Ibo estaba asfixiándose, quería escapar, tomar sus cosas y huir, pero no podía, no encontraba el coraje que necesitaba. Estaba harto de levantarse y ver a su padre, odiaba escucharlo y sentir que habitaba la misma casa que él. Detestaba encontrárselo por los pasillos, añoraba el día en que él estuviera por fin muerto, aunque a veces no dejaba de sentir culpa por lo que sentía.

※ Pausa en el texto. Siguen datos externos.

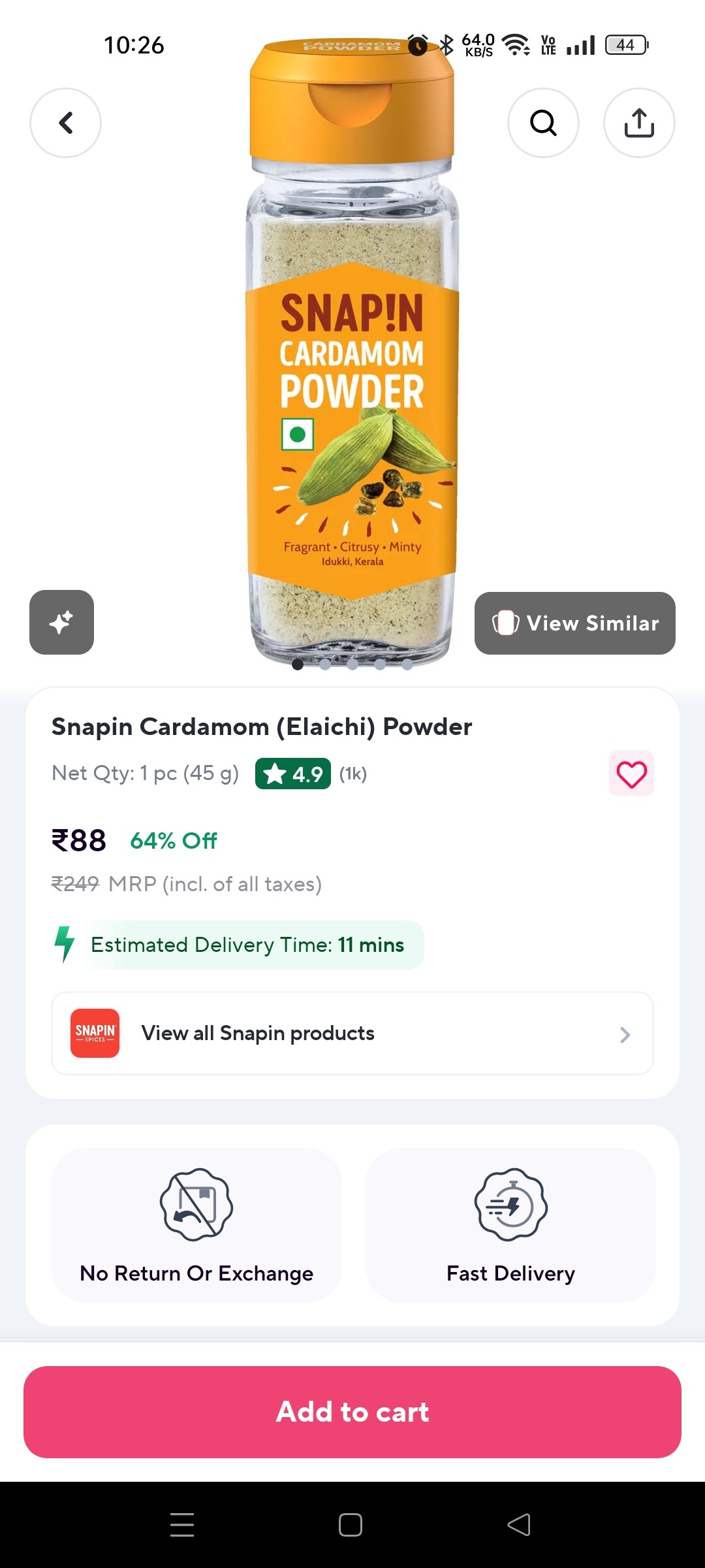 Discover the Snapin Cardamom (Elaichi) Powder (45g) available at a significant 65% discount, now only ₹88 (Retail: ₹249). This special offer is location-specific for PIN code 625009 and can be availed on Zepto.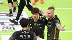 [OSEN=수원, 곽영래 기자] 20일 오후 수원 실내체육관에서 '도드람 2020-2021 V리그' 남자부 한국전력과 OK금융그룹의 경기가 열렸다.1세트 OK금융그룹 펠리페가 득점을 올린 뒤 동료들과 기뻐하고 있다. /youngrae@osen.co.kr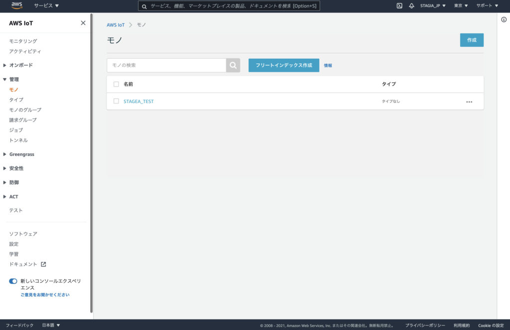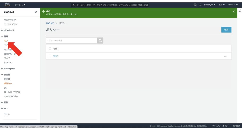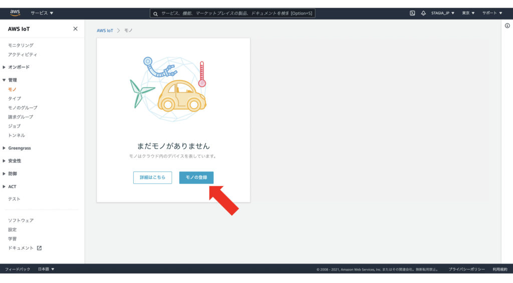 3.AWS IoTの画面が表示されたら、左カラムの[管理]->[モノ]をクリックします。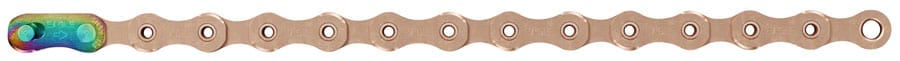 The chain is the heart of the Eagle drive train completely re-engineered for 1x systems and the innovative X-Sync 2 chainrings. It offers longer wear with less friction and less noise than previous SRAM chains.Flowlink design eliminates square edges on outer plates to reduce friction and wear Recessed chain rivet contact area allows ultra-high joining strength with zero pin protrusion PowerLock non-reusable connecting link is included Titanium Nitride surface treatment reduces friction and enhances wear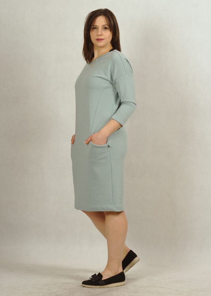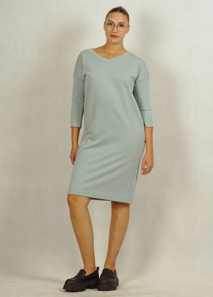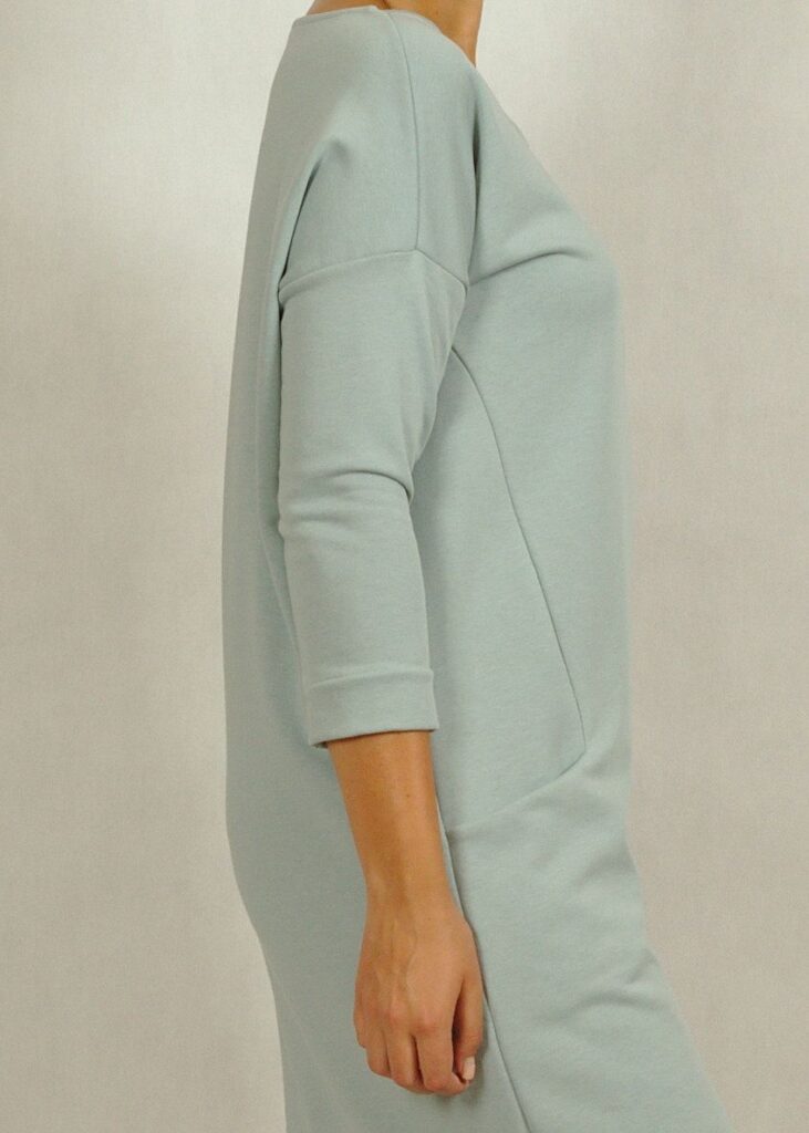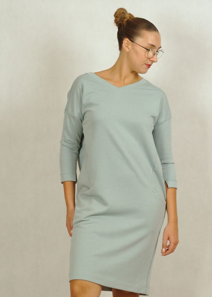 Sukienka ma klasyczny dekolt w serek, opadający rękaw typu kimono o długości 7/8. Delikatnie zwężany w stronę przedramienia.

Su abuela, la madre del señor Ho, padre de Ibo, intentaba cambiarle las ideas pesimistas que tanto le atiborraban la cabeza: “No pienses esas cosas, hijo, tu papá se esfuerza, entiéndelo. Él te quiere mucho”. Ibo no se creía esas cosas, no lo sentía así, ya no lo soportaba más.


 

Hubo un día, hacce muchos años, en el que Ibo tuvo la oportunidad de salir de aquel martirio, de tomar sus cosas y marcharse sin despedirse, sin levantar sospechas. Estuvo tan cerca de su libertad, de marcharse de esa tierra de nadie que tantos dolores le provocaba, pero no pudo hacerlo. Se paralizó en cuanto estuvo a no muchos kilométros lejos de ese pueblo consumido por el polvo de los recurdos, no fue capaz de dejarese pueblucho lleno de olor a mariscos y pobreza.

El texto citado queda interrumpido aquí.